Мгновения, которые предшествуют сну и которые лучше всего заполнять молитвами и раздумьями, можно сравнить отчасти с последними мгновениями земного существования, и в этой связи я бы сказал, что homo sapiens наших дней, законченный одиночка в обществе тем более бесчеловечном, чем громче оно кричит об уважении коллективных прав, живет, не зная, сколько сюрпризов ему приготовила жизнь.
Вчера вечером, когда я, перед тем как уснуть, пытался сосредоточиться на вопросе о высшем смысле жизни и повторял «человек смертен», в комнате появились гости — две странные, совершенно забытые мной особы, и я покинул марево путешественником, который сравнивает себя с чужеземцами и, обнаружив, что его отношение ко всему, что связано с прошлым, изменилось, вынужден признать, что он сам изменился, и согласиться со старой истиной: дважды в одну реку войти нельзя.

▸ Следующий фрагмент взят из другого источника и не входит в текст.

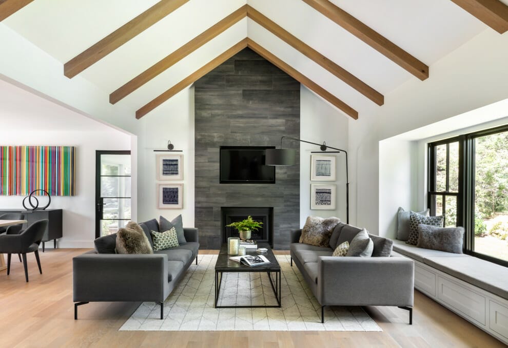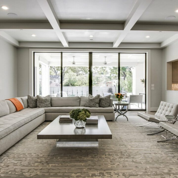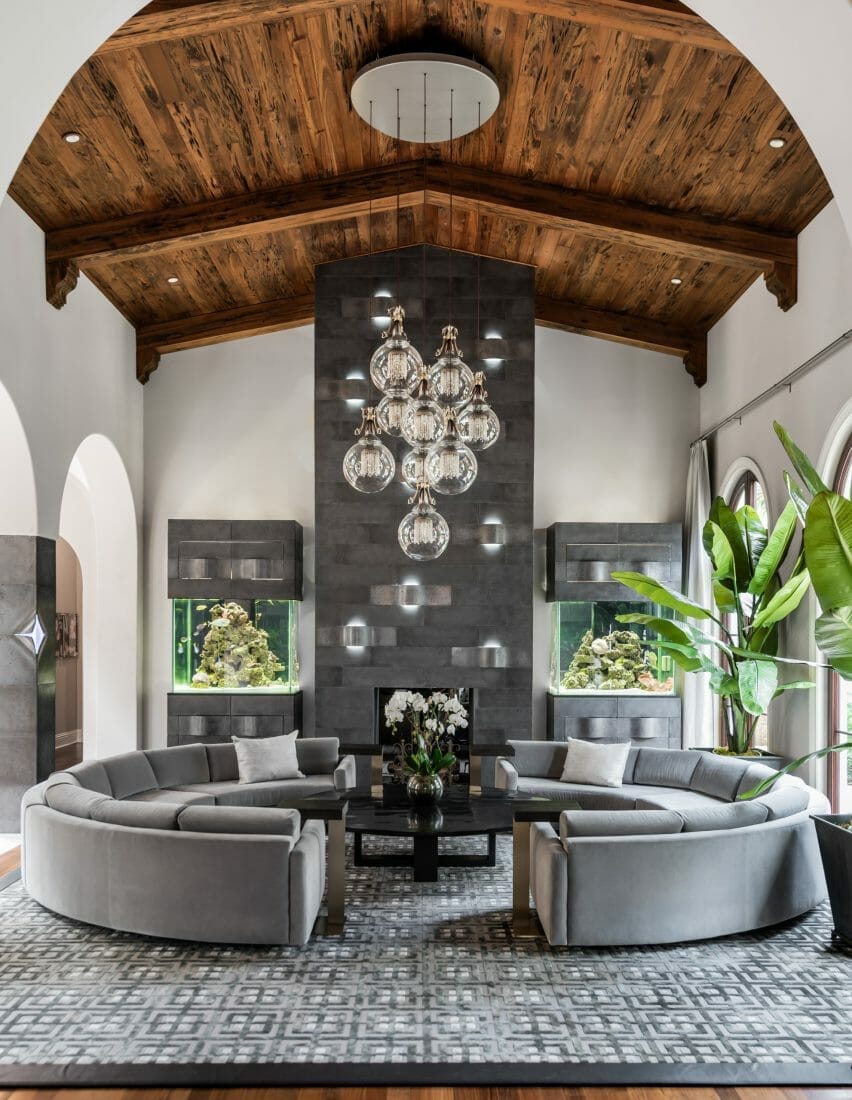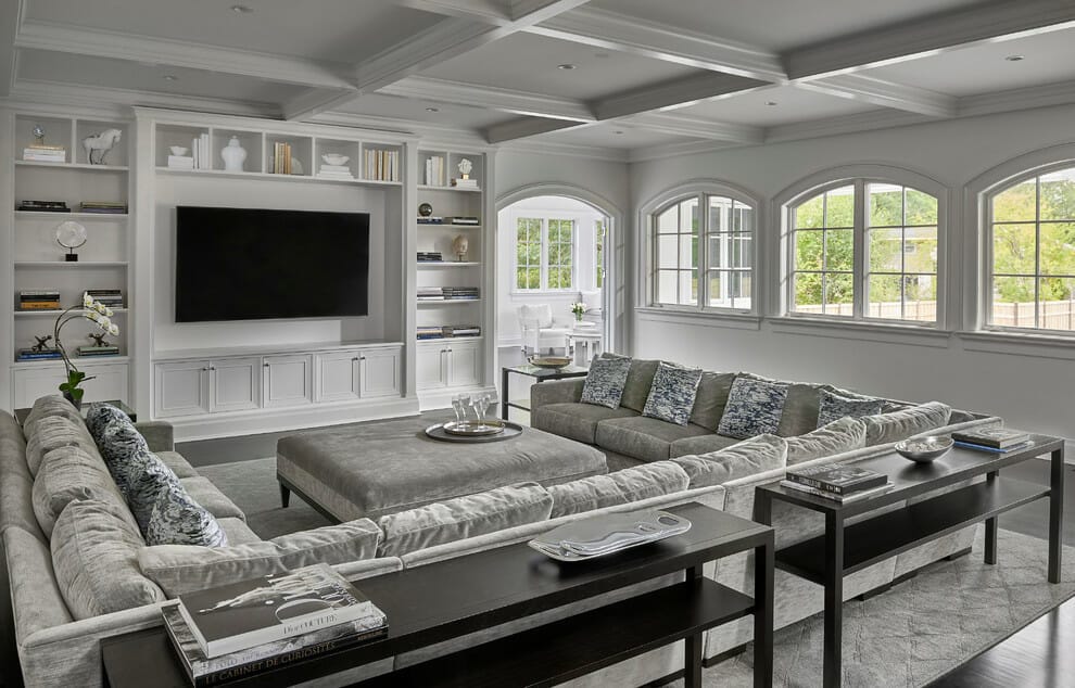The sectional, coffered ceiling, coffee table, and tufted chairs give splashes of light gray. Apart from portraying subtle sophistication, they retain the room’s tranquility.

Я собирался уже погасить свет, когда, деликатно постучавшись в дверь — тук-тук-тук, — с глухим «можно?», представлявшим собой, по меньшей мере, си контроктавы, в комнату вошел плотный, среднего роста расфранченный солдат, увешанный с головы до ног оружием, как тень Гамлета, в шляпе с длинным страусовым пером, которое дугой свисало почти до самых шпор; с ним был суетливый церемонный старикашка, изъяснявшийся не столько словами на загадочном наречии, сколько жестами и ужимками лемура.
— Марсель, — вырвалось у меня, и догадка, что передо мной верный слуга Рауля де Нанжи из «Гугенотов», герой оперы Мейербера, неотделимый в моей памяти от знаменитого исполнителя, помогла мне без колебаний узнать умершего в сороковых годах в Монтевидео обладателя самого замогильного голоса, величайшего из всех, кто пел на итальянских подмостках, Гаудио Мансуэто, мастера нот ниже первой линейки, глубокого баса, широкоплечего крепыша, бывшего грузчика генуэзского порта, обязанного тонкостью манер (когда я с ним познакомился) удачной карьере оперного певца и стихийному уму, благодаря которому он чувствовал себя в любой партии истинным хозяином сцены.
— Марсель, — подтвердил солдат, поглаживая усы à la Марко Прага[57], подошел к неизменно открытому у меня в комнате роялю, пробежал рукой по клавишам и негромко для себя, но так, что в окнах задрожали стекла, выпалил «пиф-паф», предшествующее описанию взятия Ла-Рошели.